The Department for Work and Pensions plans to increase the number of suppliers involved in testing for eligibility of disability benefits

The Department for Work and Pensions (DWP) is looking to increase the number of suppliers involved in the tests it carries out to determine whether people are eligible to claim disability benefits to ensure that it has options when the contract with Atos Healthcare expires next year.

In July last year, following a report that revealed up to 40% of people tested by Atos Healthcare might have been wrongly passed as fit to work, the DWP decided to use more suppliers alongside Atos Healthcare to administer the work capability assessment (WCA). Atos was told to improve by the DWP.

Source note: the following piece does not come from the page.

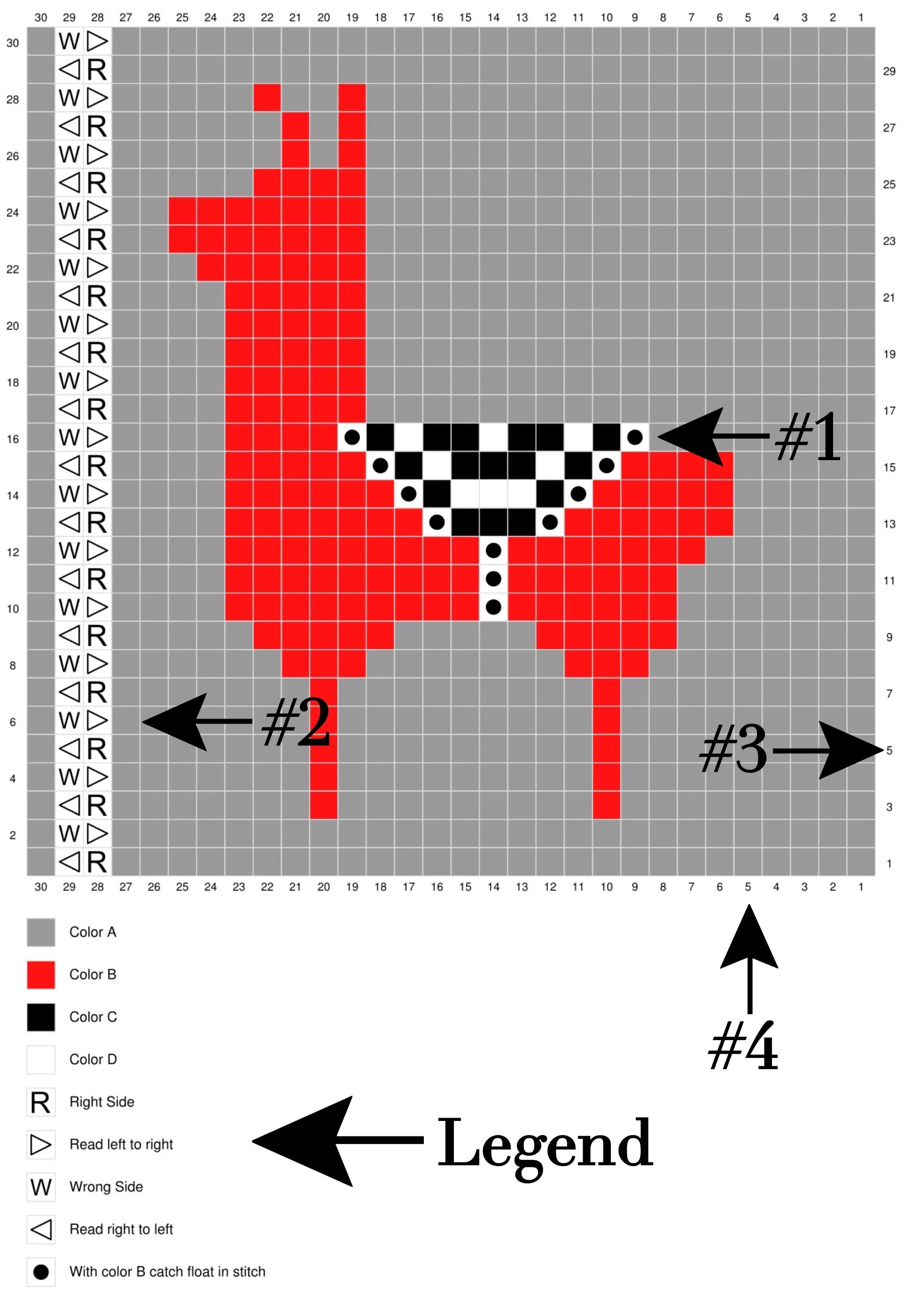 When preparing to crochet the pattern on your graph, be sure to check all symbols and colors in the legend so that you are familiar with the color changes, direction you will be reading the graph, right and wrong side of your work, and any other specific instructions before you start. The practice llama graph below is labeled with arrows and a brief description of what each one is pointing out. This graph is identical to the llama graph in the pattern (with the exception of the colors and extra non-llama graphic rows). You will read both graphs the same way. This graph is used in the rest of the tutorial as well.

This decision looks set to be formalised, as a DWP document seen by the Guardian revealed that ministers across government are now working together to build up competition by commissioning other private firms to add capacity to the assessment system.

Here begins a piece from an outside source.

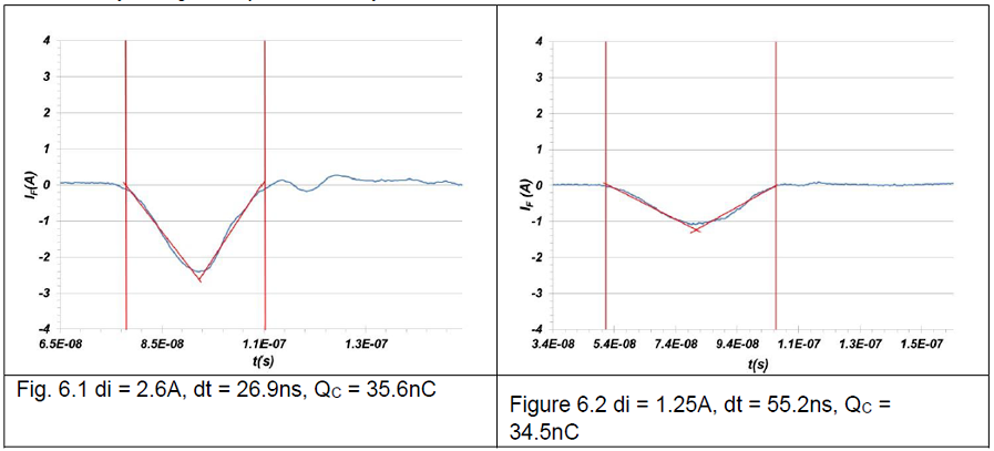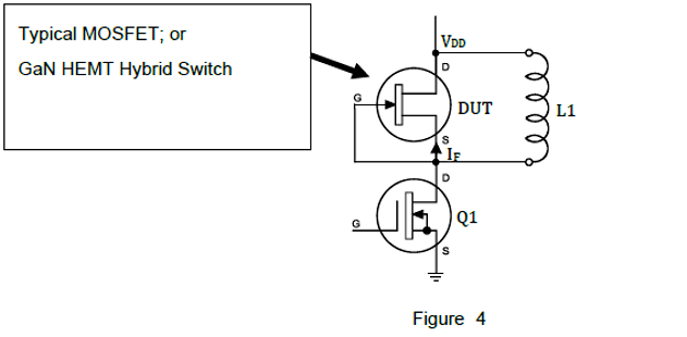 次に、Q1をターンオフし、インダクタ電流が流れ続けようとしてDUTのソースからドレインに電流が流れます。

A DWP spokesperson told the Guardian: "In July we announced Atos had been instructed to enact a quality improvement plan to remedy the unacceptable reduction in quality identified in the written reports provided to the department. We also announced in the summer we will be bringing in additional provision to deliver work capability assessments with the aim of increasing delivery capacity and reducing waiting times."

Atos Healthcare uses logic integrated medical assessment (LiMA) software to support medical professionals when assessing claimants. Campaigners have claimed for years that many people have had their benefits cut inappropriately because of the system Atos uses when assessing them.

In 2011, a critical report from a House of Commons Select Committee found that tens of thousands of sick and disabled people had been wrongly declared fit for work. Appeals cost the taxpayer around £50m a year, said MPs.

In the same year, two Atos Healthcare employees were investigated over allegations that they made inappropriate remarks on Facebook about the people they assess for sickness and disability benefits, referring to them as "parasites" and "down and outs".

A Facebook group campaigning for better treatment of disabled people, known as Black Triangle, was set up in 2010.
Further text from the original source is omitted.